Empty weight: 75,562 lb
Useful load: 72,000 lb
Maximum takeoff weight: up to 175,000 lb; normal 155,000 lb
Power plant: 4 × Rolls-Royce AE 2100D3 turboprop, 4,637 hp each with Dowty R391 6-blade composite propellers
Performance: Maximum speed: 417 mph; Cruise speed: 400 mph
Range: 3,262 mi
Service ceiling: 28,000 ft with 42,000 pounds payload
Absolute altitude 40,386 ft
Takeoff distance: 3,127 ft at 155,000 lb gross weight
In the military, the C-130J-30 Hercules primarily performs the tactical portion of the airlift mission. The aircraft is capable of operating from rough, dirt strips and is the prime transport for airdropping troops and equipment into hostile areas.
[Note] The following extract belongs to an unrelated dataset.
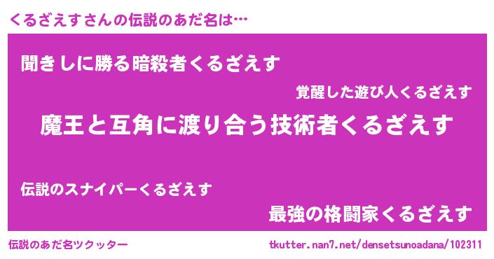 | ヒーロー風カッコイイあだ名 | 『慈愛の使者くるざえす』『仮面クルダー』 |

Using its aft loading ramp and door, the C-130J-30 can accommodate a wide variety of oversized cargo, including everything from utility helicopters and six-wheeled armored vehicles to standard palletized cargo and military personnel. In an aerial delivery role, it can airdrop loads up to 42,000 pounds or use its high-flotation landing gear to land and deliver cargo on rough, dirt strips.
This is a big airplane capable of carrying an expedition to any place on earth and landing safely under adverse conditions with equipment for the expedition. Two airplanes of this type can go almost anywhere at a good rate of speed carrying equipment to accomplish most any reasonable purpose.
It is our plan to upgrade the main planes in the current fleet to these.
The briefing was breath-taking. We could see that Tom and Vic had given the proposed trip considerable thought and had made other decisions for the allied communities. The more I thought about it, the more I liked it. We could carry our own vehicles, fuel, food, generators, and everything else we would want. I thought about relative weights and decided that, even with what we would think of as a big load, the planes would still not be close to their maximum weight. It would give a whole new look to planning with more speed and range. They didn't need much runway either. I had noticed that Vic and Tom had landed in very little area.
I looked at my spouses and grinned. With two planes, we had a lot of ability and flexibility plus capacity. This would be really cool. I raised my hand. "Vic, Tom, when do we start our lessons?" I saw Bobbi and Charlie high five smiling.
Vic said, "Very soon. Tom and I have been flying an older model. The J is the newest model made and the '30' is for the stretch version. The main question for today is how many are here that are finished and then we will look through the records to find the others. It was a new plane for the series."
Everyone grinned. He continued. "We brought the four-wheelers to demonstrate capacity and to give us a way to get around. This is a big place. However, I expect we will be flying the 'Herc's' in about a month."
I said, "That sounds great. Family, we will have to come up with a new name. No more 'Kings.' These are too big a jump."
Everyone agreed that "King" had outlived its usefulness as a name for airplanes. The smaller ones started to brainstorm while my three oldest with Andy and Jacob went with us to check out available planes. This place was a goldmine for planes. If we were inclined toward jets, it was even better. We found five C-130J's in great shape along with a few in various stages of being built. We were walking back outside when my earphone sounded, "Janice, are you down there? This is the old man in the moon calling."
A number of us had headsets and laughed. I said, "This is Janice, Poppa. There is plenty of runway. The wind is light from the north. King is parked next to the Brothers of Flight's plane. Please join us."
He brought the Cessna in for a gentle landing and taxied over to us.